TASK INSTRUCTIONS
Omit all pictures. Reproduce exactly the lines from the first line of the records below through the line with "福山市草戸(上流部)の過去24時間(1時間毎)の河川映像を提供しています。".

Extracted data entries
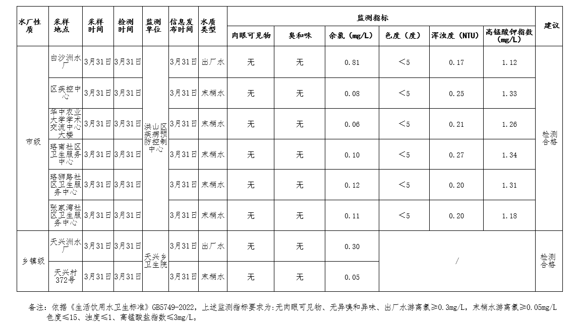 标     题 洪山区生活饮用水 2026年3月31日监测结果
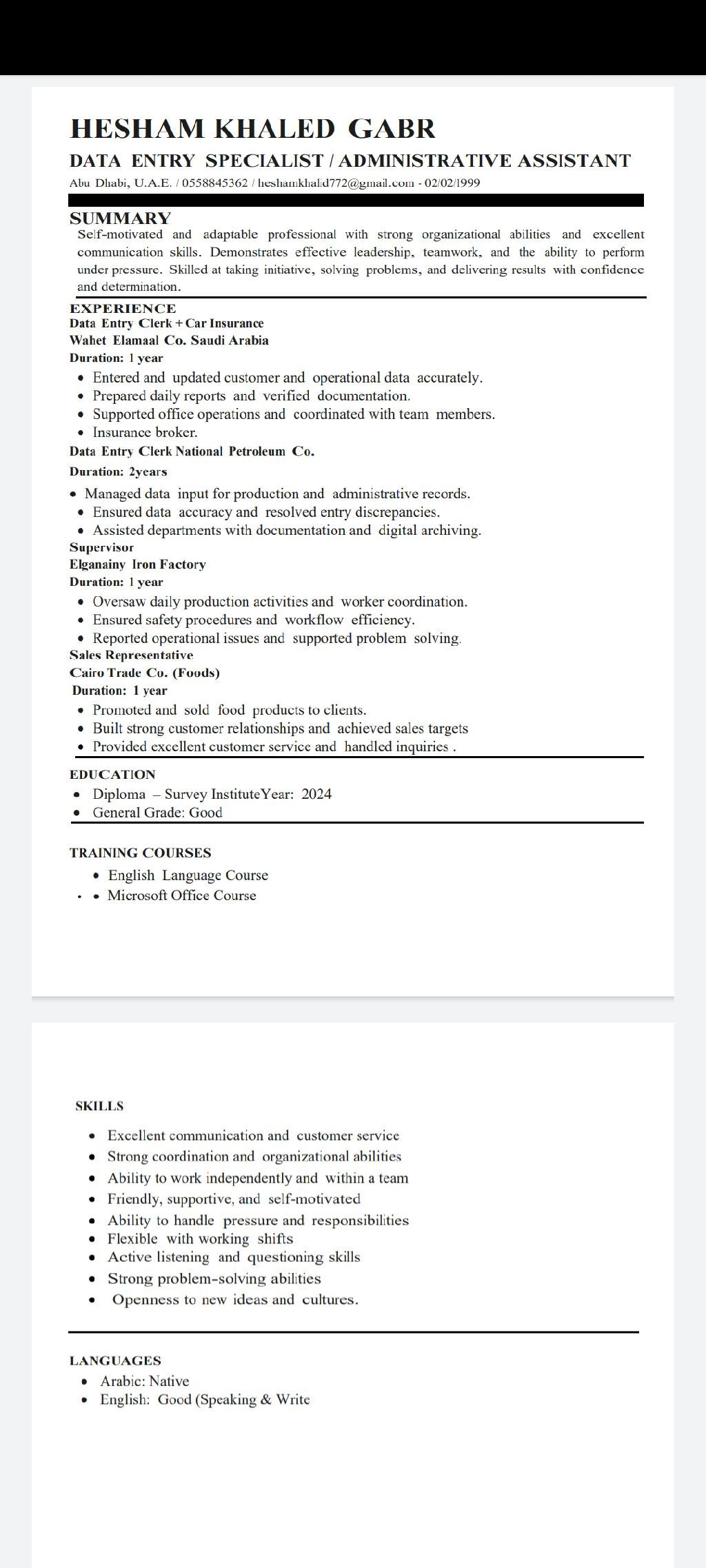 My name is Hisham Khaled Gabr, I am 26 years old. I have worked in several fields during my time in my home country of Egypt, including customer service, data entry, sales, and general supervision. I have gained experience and am available for any job in any of the above fields or others. I have the ability to learn new skills as needed, am willing to work in any area, handle work pressure, and c
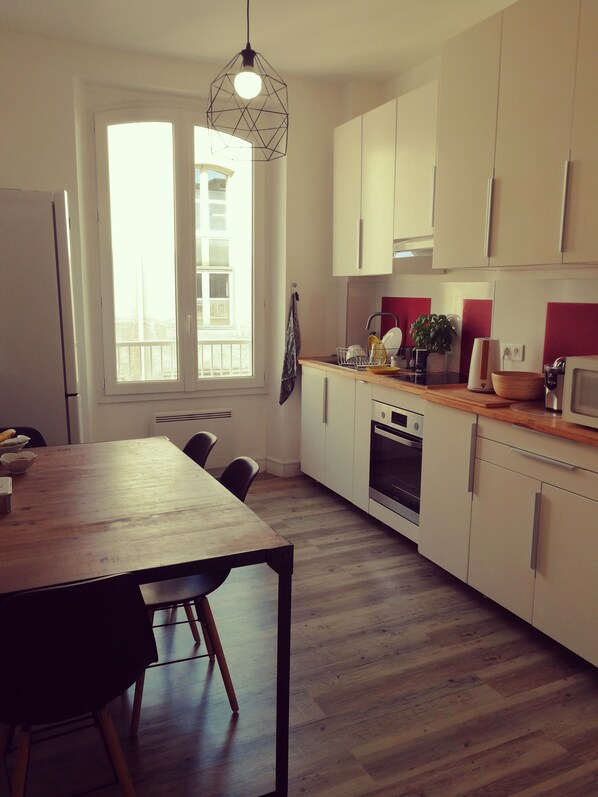 The appartment offers lots of space and a fully equipped kitchen. Several restaurants and cafes are nearby (we recommend the one in the same building), the old port is just a short walk away.Camille met us at our arrival, showed us around the appartment and also had a recommendation concerning eating dinner around the port.
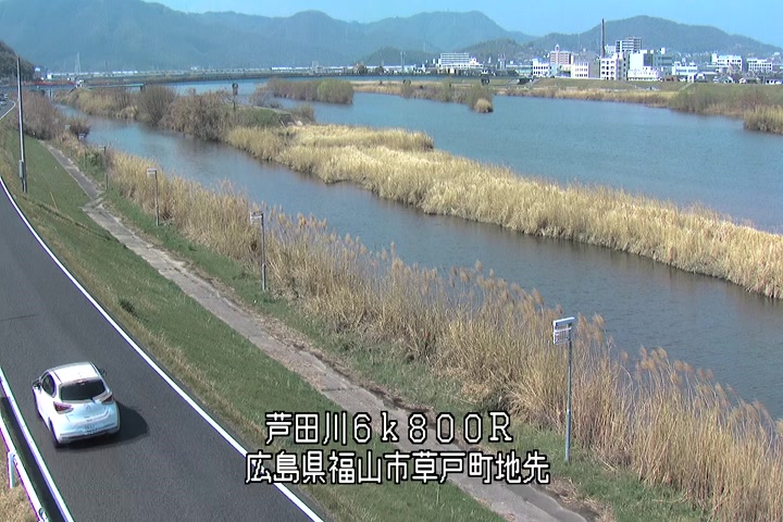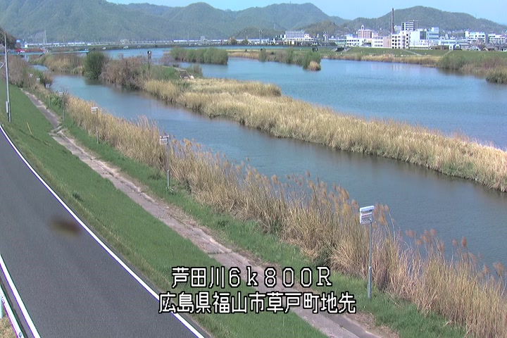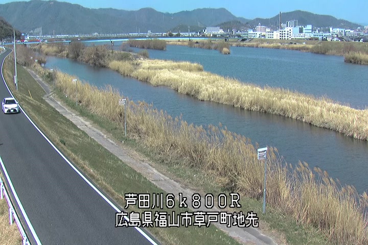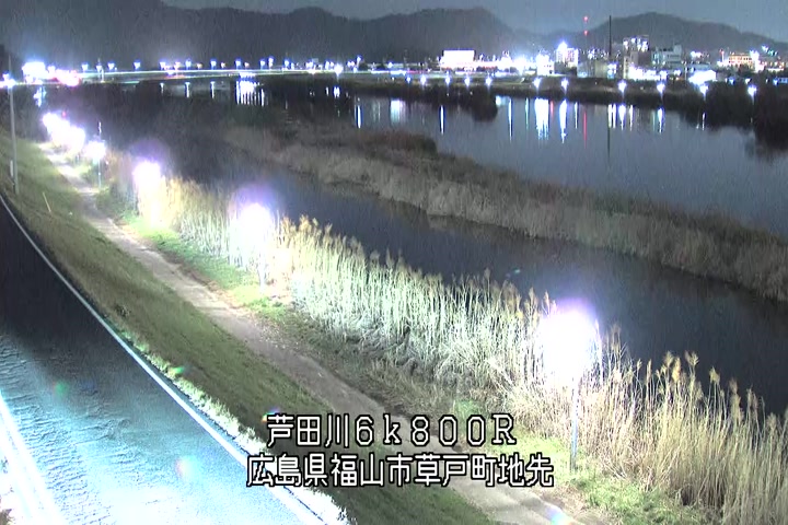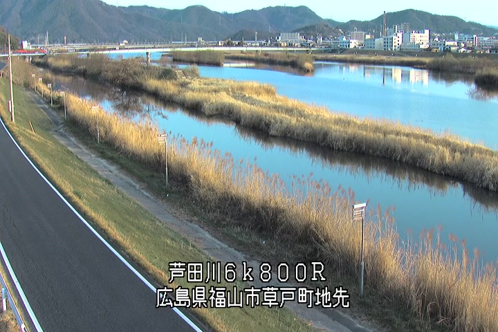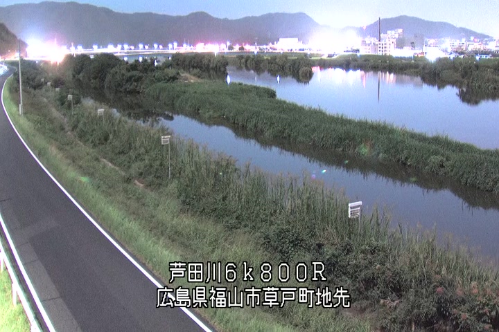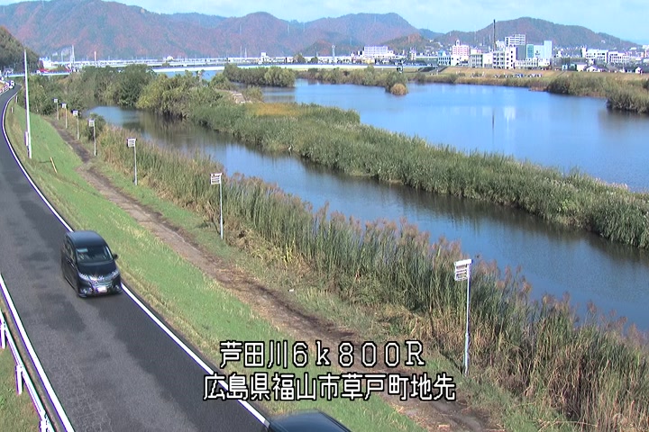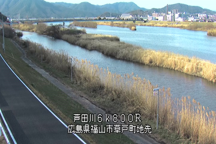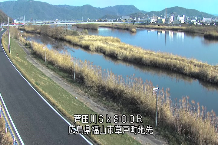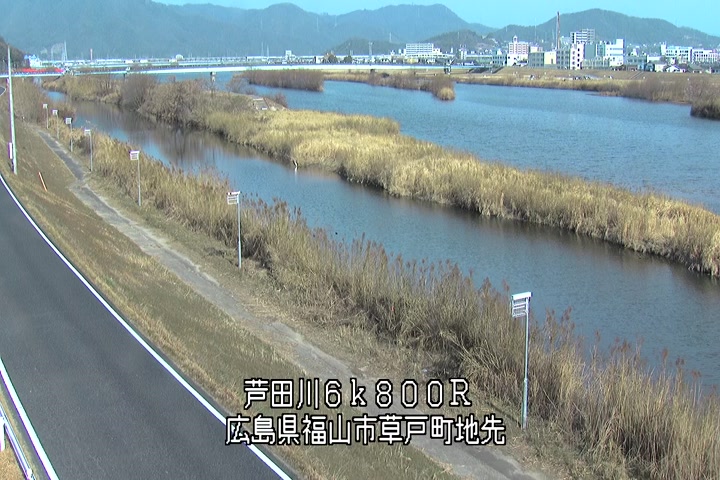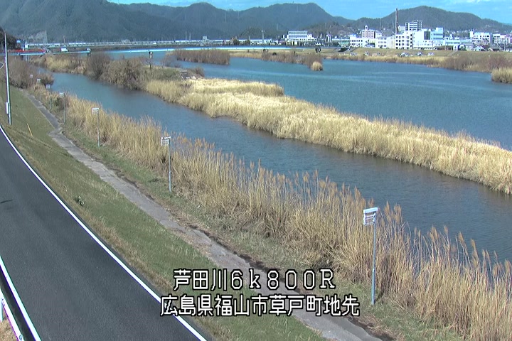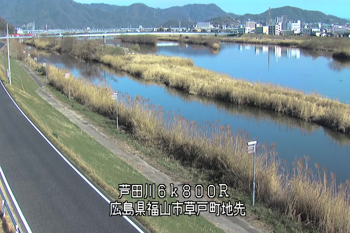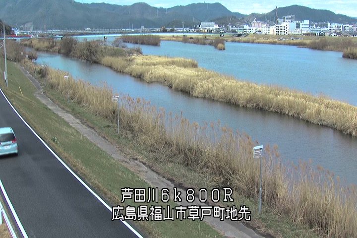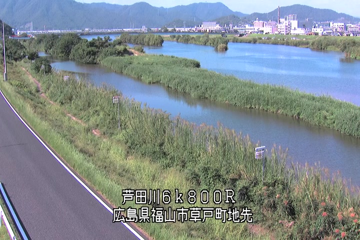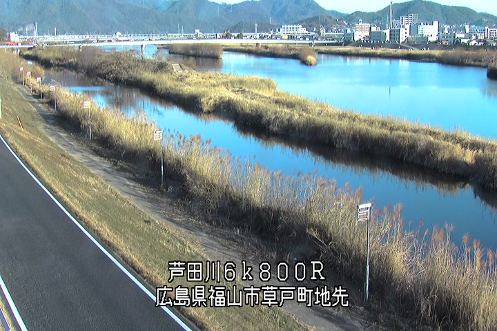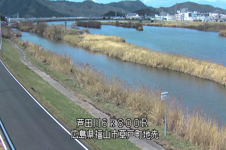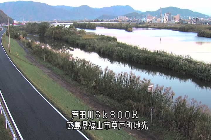 福山市草戸(上流部)の過去24時間(1時間毎)の河川映像を提供しています。
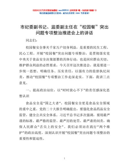 / 市纪委副书记、监委副主任在“校园餐”突出问题专项整治推进会上的讲话
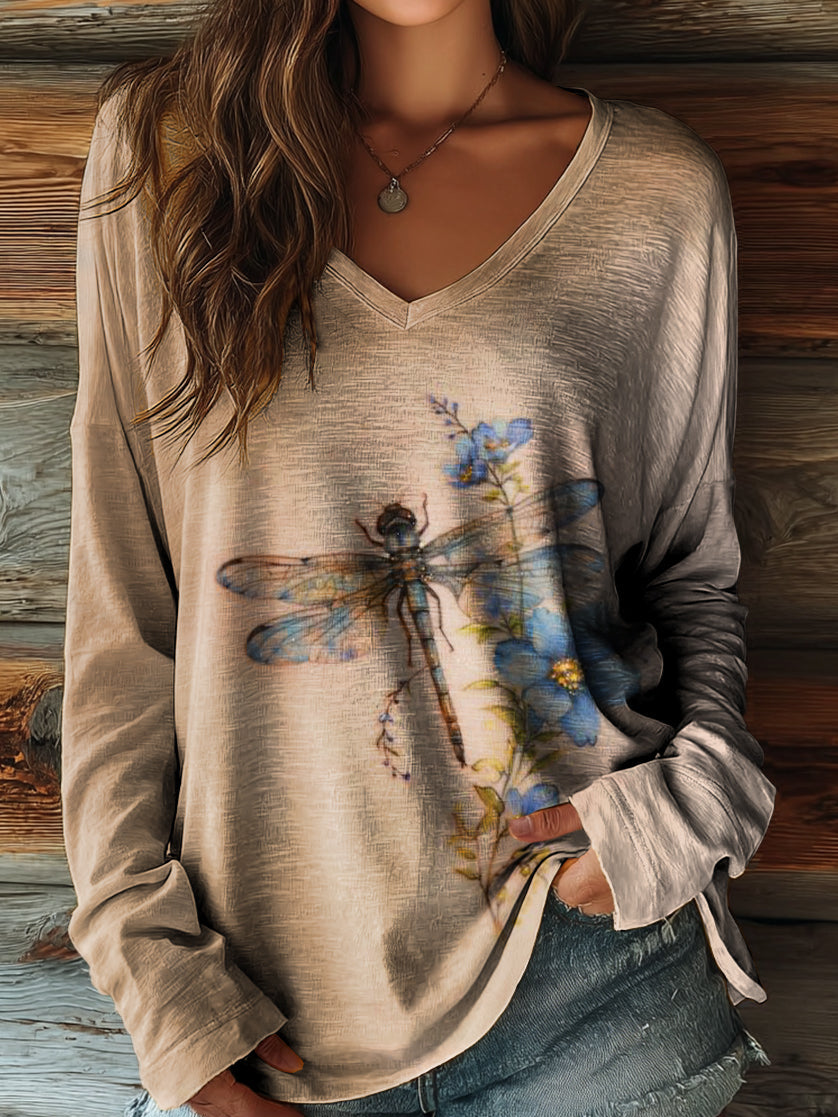 Women's Bohemian Floral Dragonfly Art Print Casual V-neck Long Sleeve T-shirt
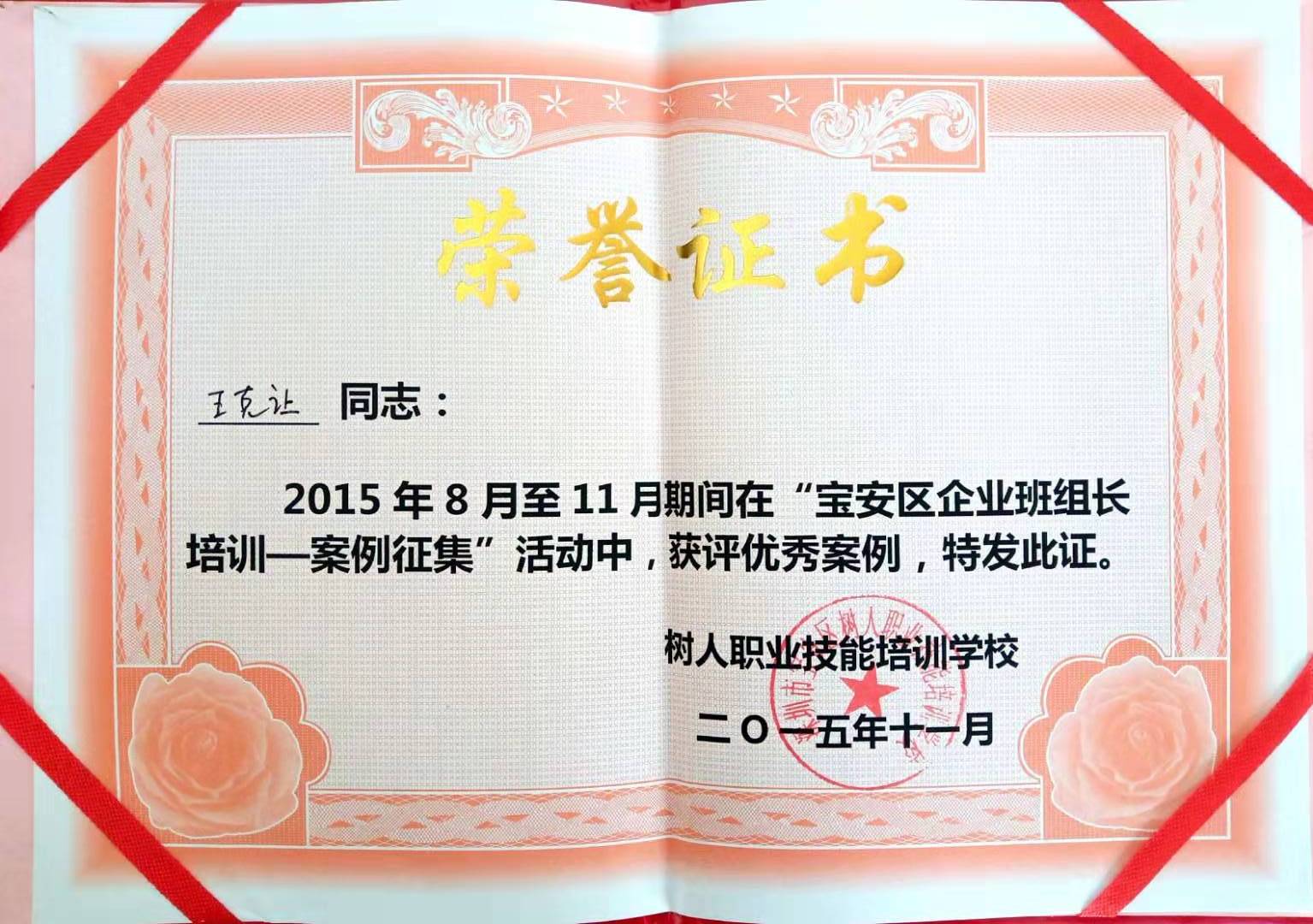 2015年,王克讓在寶安區(qū)組織的企業(yè)培訓(xùn)活動中獲得優(yōu)秀獎。

ANSWER SECTION
 标     题 洪山区生活饮用水 2026年3月31日监测结果
 My name is Hisham Khaled Gabr, I am 26 years old. I have worked in several fields during my time in my home country of Egypt, including customer service, data entry, sales, and general supervision. I have gained experience and am available for any job in any of the above fields or others. I have the ability to learn new skills as needed, am willing to work in any area, handle work pressure, and c
 The appartment offers lots of space and a fully equipped kitchen. Several restaurants and cafes are nearby (we recommend the one in the same building), the old port is just a short walk away.Camille met us at our arrival, showed us around the appartment and also had a recommendation concerning eating dinner around the port.
 福山市草戸(上流部)の過去24時間(1時間毎)の河川映像を提供しています。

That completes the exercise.